(Items from a data source)
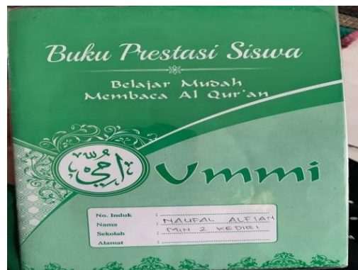
Dokumentasi Buku Prestasi Siswa
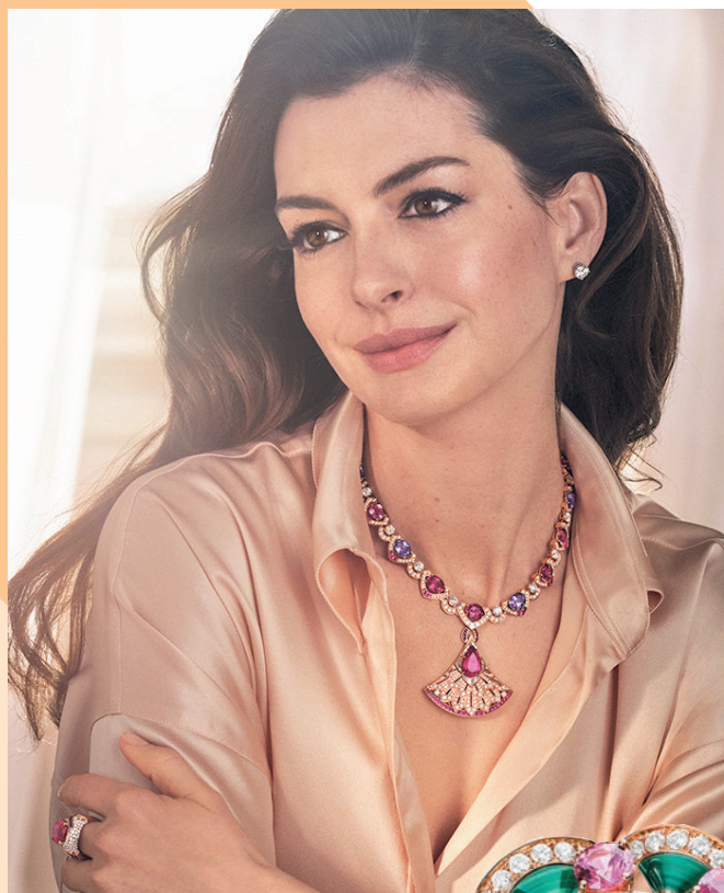
◆ Divas' Dream 系列
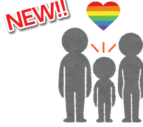
パートナー&ファミリーシップ宣誓制度
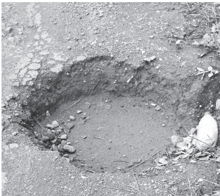
Колодец-ловушка на улице Декабристов.

Выезжая с улицы Шиханова на улицу Чкалова, снова попадаешь в колдобину. Здесь ещё и канавка глубокая справа, лавируй, как хочешь. А за поворотом встречается экипаж ГИБДД... И они-то прекрасно видят, какие у нас дороги, и имеют право делать предписания
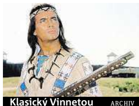
Klasický Vinnetou ARCHIV
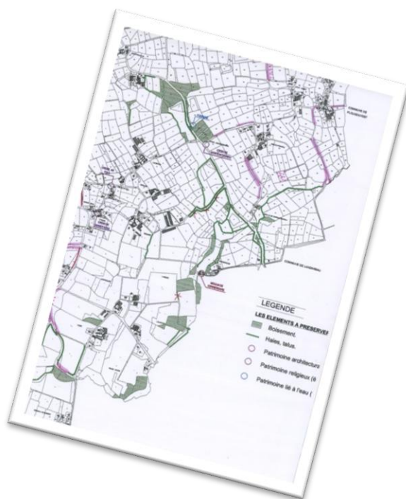
Exemple de PLU

NB: Cette mesure s'applique à la suppression définitive d'éléments bocagers et non à la gestion courante des haies (recépage, balivage...).
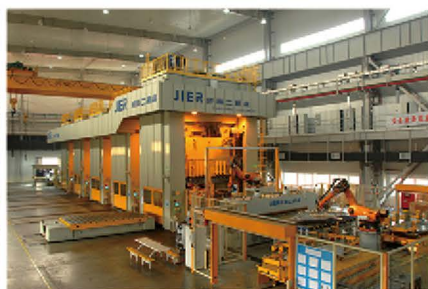
为南京南汽模具装备有限公司提供的机器人自动化冲压线
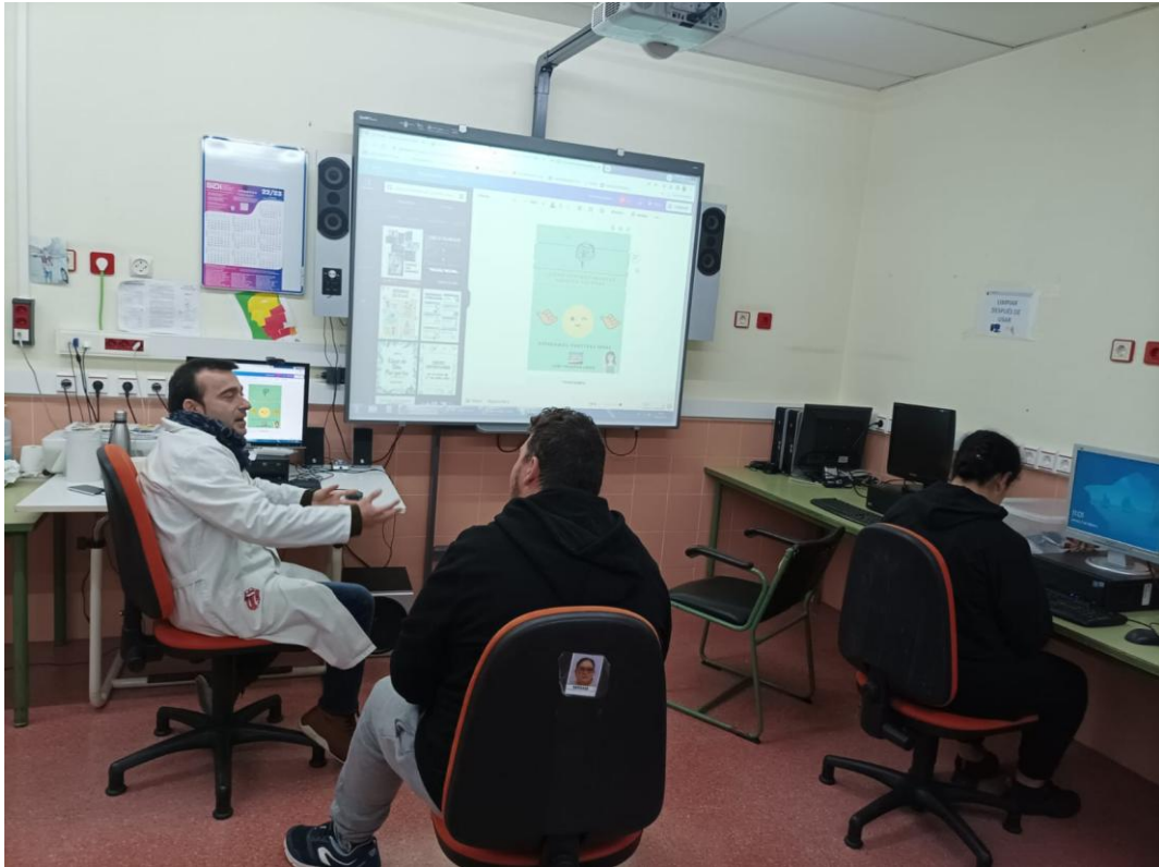
El cartel de anuncio de comienzo del Proyecto, queda finalmente así:
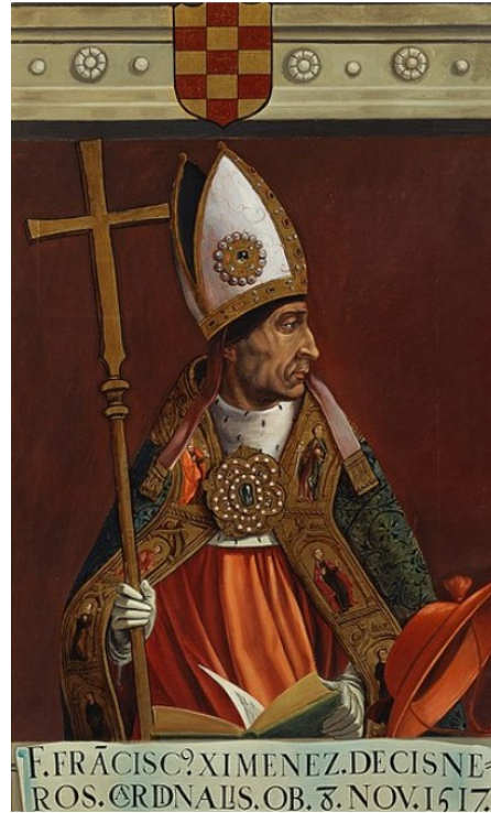
El Cardenal Cisneros.

A partir de entonces y en este contexto se fue extendiendo el uso de un libro de actas de bautismos, en donde aparecían los nombres del bautizado, del padre y de la madre, del oficiante y de los padrinos . Se incluía también entre los recién nacidos a los esclavos, a los niños expósitos y a los ilegítimos. Ya en estos primeros tiempos se anotaba habitualmente el apellido del padre, a veces su profesión, y con frecuencia el apellido de la madre.
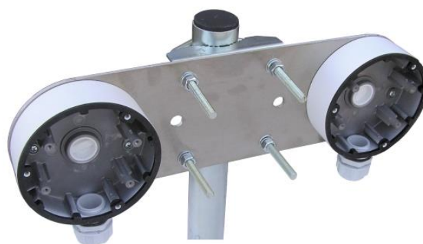
HIK134 + 2x Z85DV85 TWIN + 2x DS-1280ZJ-DM46

Problem:
From the line that contains "A partir de" to the last line of the records above, copy each line exactly, both ends included, and leave the pictures out.

Exercise solution:
A partir de entonces y en este contexto se fue extendiendo el uso de un libro de actas de bautismos, en donde aparecían los nombres del bautizado, del padre y de la madre, del oficiante y de los padrinos . Se incluía también entre los recién nacidos a los esclavos, a los niños expósitos y a los ilegítimos. Ya en estos primeros tiempos se anotaba habitualmente el apellido del padre, a veces su profesión, y con frecuencia el apellido de la madre.
HIK134 + 2x Z85DV85 TWIN + 2x DS-1280ZJ-DM46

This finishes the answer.